● PROBLEM DESCRIPTION
Find the line that contains "Sunny caught swearing". Copy it and every line after it to the end of the material below, exactly, with no pictures.

● EXERCISE DATA
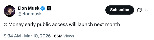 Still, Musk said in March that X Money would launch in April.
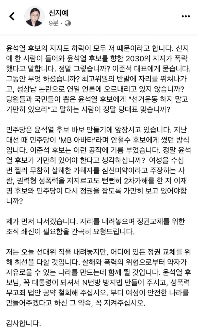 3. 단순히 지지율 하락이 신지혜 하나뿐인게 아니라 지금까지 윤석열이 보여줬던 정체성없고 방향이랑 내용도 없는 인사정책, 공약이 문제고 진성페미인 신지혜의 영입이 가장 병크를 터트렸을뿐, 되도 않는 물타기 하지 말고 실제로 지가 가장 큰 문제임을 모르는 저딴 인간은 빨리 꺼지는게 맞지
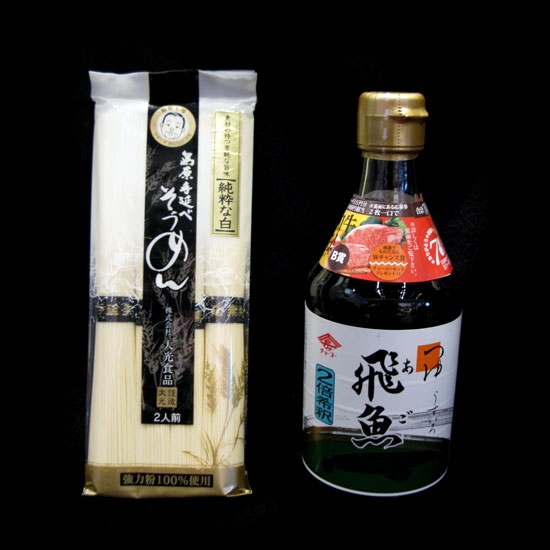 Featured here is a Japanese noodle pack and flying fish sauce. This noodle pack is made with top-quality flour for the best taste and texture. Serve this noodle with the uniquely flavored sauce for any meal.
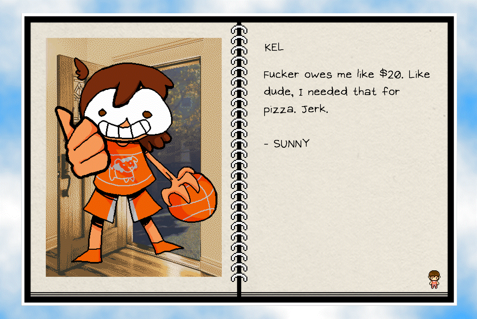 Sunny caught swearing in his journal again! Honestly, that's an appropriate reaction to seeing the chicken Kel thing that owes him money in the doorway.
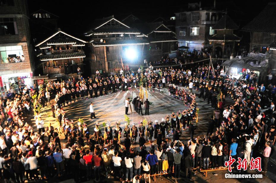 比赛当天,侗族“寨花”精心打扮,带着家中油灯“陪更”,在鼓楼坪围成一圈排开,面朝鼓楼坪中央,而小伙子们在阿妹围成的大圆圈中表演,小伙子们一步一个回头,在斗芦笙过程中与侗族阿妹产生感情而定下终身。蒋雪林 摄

● ANSWER TO THIS TASK
 Sunny caught swearing in his journal again! Honestly, that's an appropriate reaction to seeing the chicken Kel thing that owes him money in the doorway.
 比赛当天,侗族“寨花”精心打扮,带着家中油灯“陪更”,在鼓楼坪围成一圈排开,面朝鼓楼坪中央,而小伙子们在阿妹围成的大圆圈中表演,小伙子们一步一个回头,在斗芦笙过程中与侗族阿妹产生感情而定下终身。蒋雪林 摄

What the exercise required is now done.